The Chinese word 台山 has been transcribed as Hoi Saan, Hoi San, Hoisaan, Hoisan, Hoy Saan, Hoy San, Hoy Shan, Hoysun, T’ai-Shan, Tai Shan, Tai-shan, Taishan, Toi Saan, Toi San, Toi Shan, Toisaan, Toisan, Toishan and Toy Shan. I stumbled across a few more variants after writing up this list. (!) But this is not an endless string of random permutations.

These variants fall into three distinct categories based on the form of Chinese used to transcribe the characters—Mandarin, Cantonese or Taishanese. (Note that these three dialects are basically the only ones used; I would wager that you won’t run across any published English-language article referring to the Taisuan or Đài Sơn dialect, as would be transcribed for Chaozhou and Vietnamese, for example.) Below I’ve broken the variants into the three new groups.

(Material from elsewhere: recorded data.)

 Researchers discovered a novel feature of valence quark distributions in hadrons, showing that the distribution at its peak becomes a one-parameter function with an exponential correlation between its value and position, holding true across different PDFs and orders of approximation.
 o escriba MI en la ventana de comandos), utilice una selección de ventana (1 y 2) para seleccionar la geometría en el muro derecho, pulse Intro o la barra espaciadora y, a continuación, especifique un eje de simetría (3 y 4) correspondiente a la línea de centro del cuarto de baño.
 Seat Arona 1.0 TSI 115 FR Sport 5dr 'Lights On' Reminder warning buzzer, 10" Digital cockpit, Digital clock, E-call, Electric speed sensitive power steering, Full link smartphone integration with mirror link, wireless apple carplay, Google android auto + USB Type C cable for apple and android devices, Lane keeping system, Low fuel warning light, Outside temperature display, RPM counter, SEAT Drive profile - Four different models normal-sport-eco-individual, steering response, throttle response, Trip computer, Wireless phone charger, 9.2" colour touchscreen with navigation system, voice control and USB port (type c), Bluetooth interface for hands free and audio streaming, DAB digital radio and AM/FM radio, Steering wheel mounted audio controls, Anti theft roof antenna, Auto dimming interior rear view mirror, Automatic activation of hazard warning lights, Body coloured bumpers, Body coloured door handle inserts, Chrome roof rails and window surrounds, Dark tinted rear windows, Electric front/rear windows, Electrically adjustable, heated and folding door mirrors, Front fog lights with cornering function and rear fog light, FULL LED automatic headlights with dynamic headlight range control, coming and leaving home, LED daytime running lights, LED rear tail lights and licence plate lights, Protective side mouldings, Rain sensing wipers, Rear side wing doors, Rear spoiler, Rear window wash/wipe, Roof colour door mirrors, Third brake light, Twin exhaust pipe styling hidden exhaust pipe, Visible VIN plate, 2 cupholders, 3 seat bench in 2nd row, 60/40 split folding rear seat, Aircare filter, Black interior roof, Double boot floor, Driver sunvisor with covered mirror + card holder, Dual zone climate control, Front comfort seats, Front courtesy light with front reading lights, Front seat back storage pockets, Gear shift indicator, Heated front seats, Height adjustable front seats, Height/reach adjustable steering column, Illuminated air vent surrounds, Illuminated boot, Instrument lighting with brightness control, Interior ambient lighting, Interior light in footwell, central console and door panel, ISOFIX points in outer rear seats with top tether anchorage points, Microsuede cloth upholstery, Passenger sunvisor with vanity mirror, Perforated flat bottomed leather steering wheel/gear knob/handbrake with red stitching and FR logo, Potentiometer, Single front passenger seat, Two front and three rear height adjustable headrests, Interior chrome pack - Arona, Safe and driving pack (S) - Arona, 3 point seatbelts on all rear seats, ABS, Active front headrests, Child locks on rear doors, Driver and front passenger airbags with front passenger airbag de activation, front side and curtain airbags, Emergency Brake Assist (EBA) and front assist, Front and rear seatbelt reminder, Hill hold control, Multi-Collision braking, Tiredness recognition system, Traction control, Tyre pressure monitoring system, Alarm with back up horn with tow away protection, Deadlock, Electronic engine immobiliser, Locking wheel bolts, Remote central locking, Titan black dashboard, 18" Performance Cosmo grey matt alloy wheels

  • Mandarin: T’ai-Shan, Tai Shan, Tai-shan, Taishan
  • Cantonese: Toi Saan, Toi San, Toi Shan, Toisaan, Toisan, Toishan, Toy Shan
  • Taishanese: Hoi Saan, Hoi San, Hoisaan, Hoisan, Hoy Saan, Hoy San, Hoy Shan, Hoysun

Some of the differences listed above are small, involving only spaces or hyphens, so I’ve reanalyzed the list by ignoring punctuation and making all the forms single spaceless words.

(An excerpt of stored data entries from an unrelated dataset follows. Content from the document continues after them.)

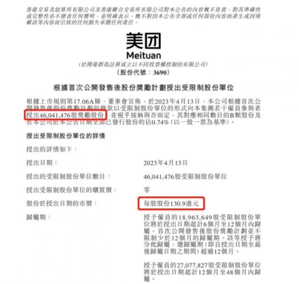 美团表示,此举旨在使承授人的利益与集团利益一致,并鼓励及留住承授人,为集团的长远发展及利润增长作出贡献。
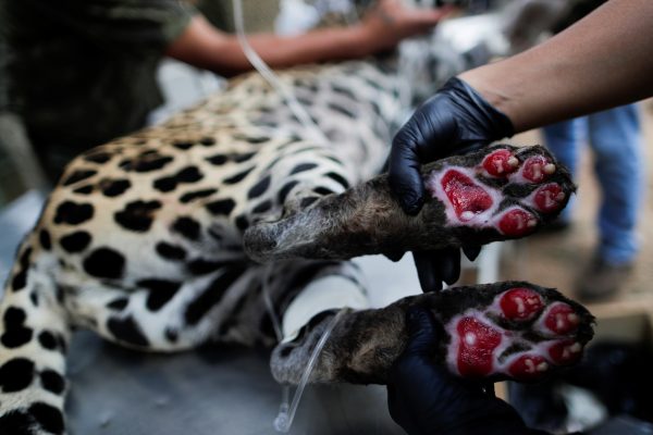 Veterinários ainda não sabem se animal poderá retornar à vida selvagem. Cuidador mostra queimaduras nas patas de uma onça-pintada adulta chamada Amanaci sofrida após um incêndio…
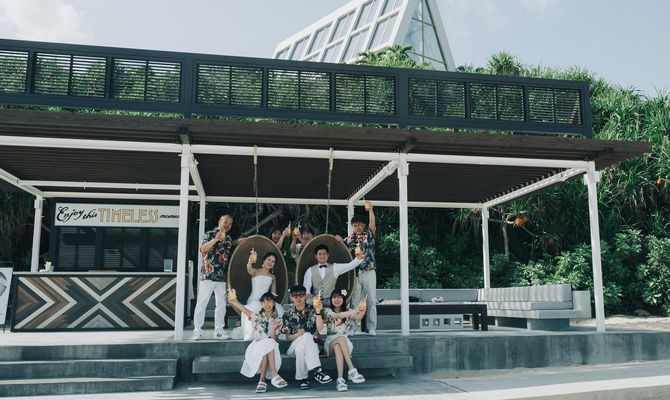 ブーケとブートニアをトロピカルな雰囲気にしたり、ビーチ撮影でサングラスをかけてみたり、家族にはかりゆしを用意したりして"リゾート感たっぷりに"を演出しています。
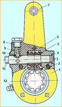 Abb.1. Einstellhebel: 1 – Abdeckung, 2 – Niete, 3 – Zahnrad, 4 – Stopfen, 5 – Schnecke, 6 – Körper, 7 – Buchse, 8 – Sicherungsbolzen, 9 – Sicherungsfeder, 10 – Sicherungskugel, 11 – Schneckenachse , 12 - Öler
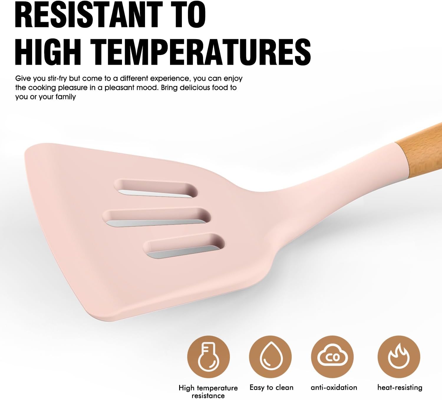 • NON-DEFORMABLE, EASY TO CLEAN: We've designed these silicone kitchen utensils sets with stainless steel cores wrapped in silicone for shape retention and flexibility. No warping or cracking, no hassle. The silicone utensils for coking one- piece construction ensures no pesky gaps where food can hide, making cleaning a breeze. Due to the unique nature of wooden handles, we recommend handwashing
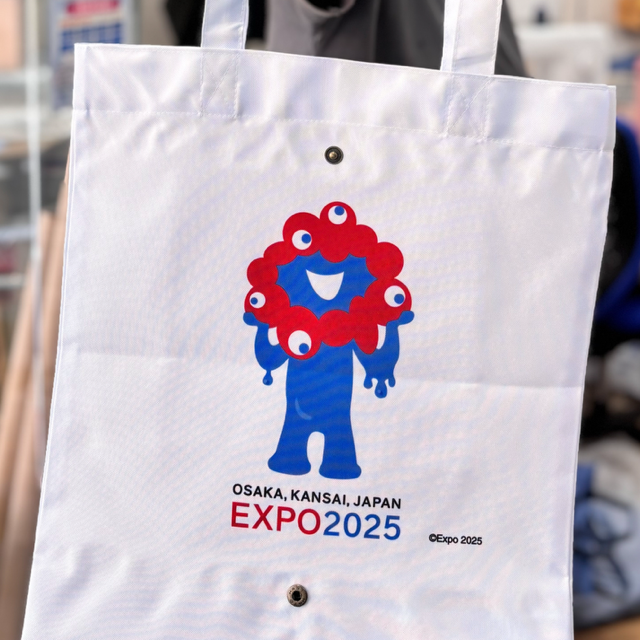 2025年に大阪で開催された大阪万博のマスコットキャラクターがプリントされたトートバッグ。
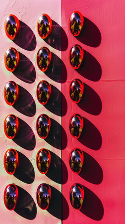 Captivating Collection of Glossy Pink Lips in Arrangement A visually striking and alluring still life depicting a repetitive pattern of glossy vibrant pink lips against a contrasting background
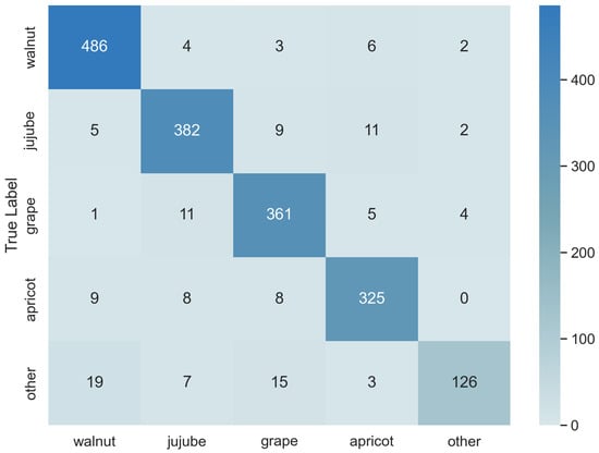 To further evaluate the classification performance of the proposed CF-EfficientNet model across different fruit tree categories, a confusion matrix was constructed based on the output of the final model (No.e), as shown in Figure 7. The confusion matrix clearly illustrates the model’s specific classification accuracy for each fruit tree category, complementing the overall accuracy (OA) and Kappa coefficient metrics at the macro level. Overall, the model’s predictions are primarily concentrated along the diagonal, indicating high classification accuracy across categories and strong agreement with the ground truth labels.
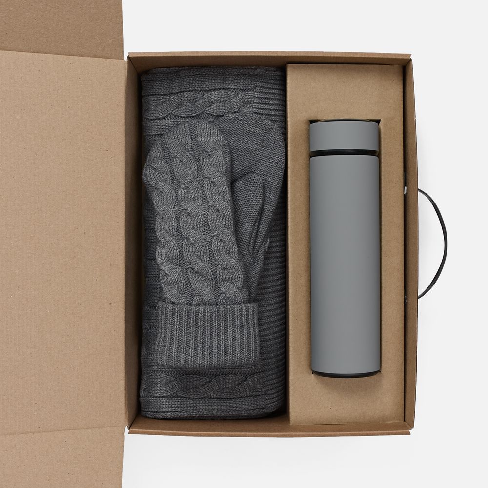 Размер26,3x36,6x10 см Цветсерый Материалшарф, варежки - акрил 100%; термос - нержавеющая сталь, 304; покрытие софт-тач; коробка - микрогофрокартон

  • Mandarin: T’aishan, Taishan
  • Cantonese: Toisaan, Toisan, Toishan, Toyshan
  • Taishanese: Hoisaan, Hoisan, Hoysaan, Hoysan, Hoyshan, Hoysun

The differences are a little more distinct. And note that the number of transcription variants differs depending on which form of Chinese you look at: Mandarin–2, Cantonese–4, Taishanese–6.

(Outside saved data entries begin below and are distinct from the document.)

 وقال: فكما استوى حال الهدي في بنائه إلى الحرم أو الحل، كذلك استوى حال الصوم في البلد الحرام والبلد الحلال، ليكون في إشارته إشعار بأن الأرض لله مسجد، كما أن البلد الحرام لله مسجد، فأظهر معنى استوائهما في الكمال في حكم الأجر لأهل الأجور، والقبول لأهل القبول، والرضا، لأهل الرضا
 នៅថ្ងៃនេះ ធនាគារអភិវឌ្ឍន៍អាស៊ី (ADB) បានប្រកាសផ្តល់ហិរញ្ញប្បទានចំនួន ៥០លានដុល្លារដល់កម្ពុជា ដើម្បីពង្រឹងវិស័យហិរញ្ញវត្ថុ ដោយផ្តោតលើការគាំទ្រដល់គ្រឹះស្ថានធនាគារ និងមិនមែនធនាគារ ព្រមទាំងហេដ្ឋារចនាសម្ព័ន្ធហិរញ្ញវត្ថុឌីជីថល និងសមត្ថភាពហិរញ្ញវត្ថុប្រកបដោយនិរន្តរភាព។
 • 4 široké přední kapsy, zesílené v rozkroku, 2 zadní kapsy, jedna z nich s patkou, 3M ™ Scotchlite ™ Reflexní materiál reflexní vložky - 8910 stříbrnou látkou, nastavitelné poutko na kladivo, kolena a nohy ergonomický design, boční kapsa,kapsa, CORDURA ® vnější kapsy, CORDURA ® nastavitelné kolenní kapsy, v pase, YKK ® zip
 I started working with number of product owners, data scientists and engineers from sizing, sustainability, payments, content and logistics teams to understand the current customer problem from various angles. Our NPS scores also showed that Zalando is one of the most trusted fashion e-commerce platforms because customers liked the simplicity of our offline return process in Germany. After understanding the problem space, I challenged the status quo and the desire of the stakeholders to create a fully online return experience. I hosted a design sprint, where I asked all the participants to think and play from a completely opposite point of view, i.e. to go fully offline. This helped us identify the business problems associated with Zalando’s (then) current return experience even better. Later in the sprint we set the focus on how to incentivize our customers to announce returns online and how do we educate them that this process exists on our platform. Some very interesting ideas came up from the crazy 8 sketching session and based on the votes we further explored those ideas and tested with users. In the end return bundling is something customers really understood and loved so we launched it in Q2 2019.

The two Mandarin forms reflect two romanziation standards: Wade-Giles (T’ai-shan) and Hanyu Pinyin (Taishan). Since the 1960s, the Hanyu Pinyin standard has been the dominant form of Mandarin transcription, written as Taishan.

The Cantonese transcriptions include both standard and non-standard variants. Toisaan follows the LSHK Jyutping (and Sidney Lau) scheme. The Yale romanization is not included; this would be: Toihsaan. But the Jyutping form is not always the preferred form—so for 四邑, you will see Seiyap (Yale/Lau), but rarely if ever Seijap (Jyutping).

The other forms reflect different orthographic tweaks which at least today would be considered non-standard. The double-“a” denotes a vowel-length contrast that exists in Cantonese—ignore this contrast, and you get Toisan. And in earlier versions of standard Cantonese, there are in fact two s-like sounds, which were often distinguished as sz and sh—this spelling is evident in the forms Toishan and Toyshan.

When it comes to Taishanese, there is no accepted standard. No surprise then that the highest number of variants turn up when you look at the transcription of Chinese characters into Taishanese. These schemes generally mirror the Cantonese transcription, but adapting Taishanese pronunciation. Note that Taishanese pronunciations differ, and that’s reflected in some of the different transcriptions. While some write Hoysaan (a as in father), others write Hoysun (u as in sun).

In the previous post, I noted that variation on names differs based on geographical terms. In this post, I show that you can further subdivide variation based on the language used for transcription (Mandarin, Cantonese or Taishanese). I won’t go into the arguments for using one scheme over another—although you can already see that I am leaning towards usage of Mandarin transcription when I write Taishanese. The upcoming post is a discussion of who uses which transcription and why.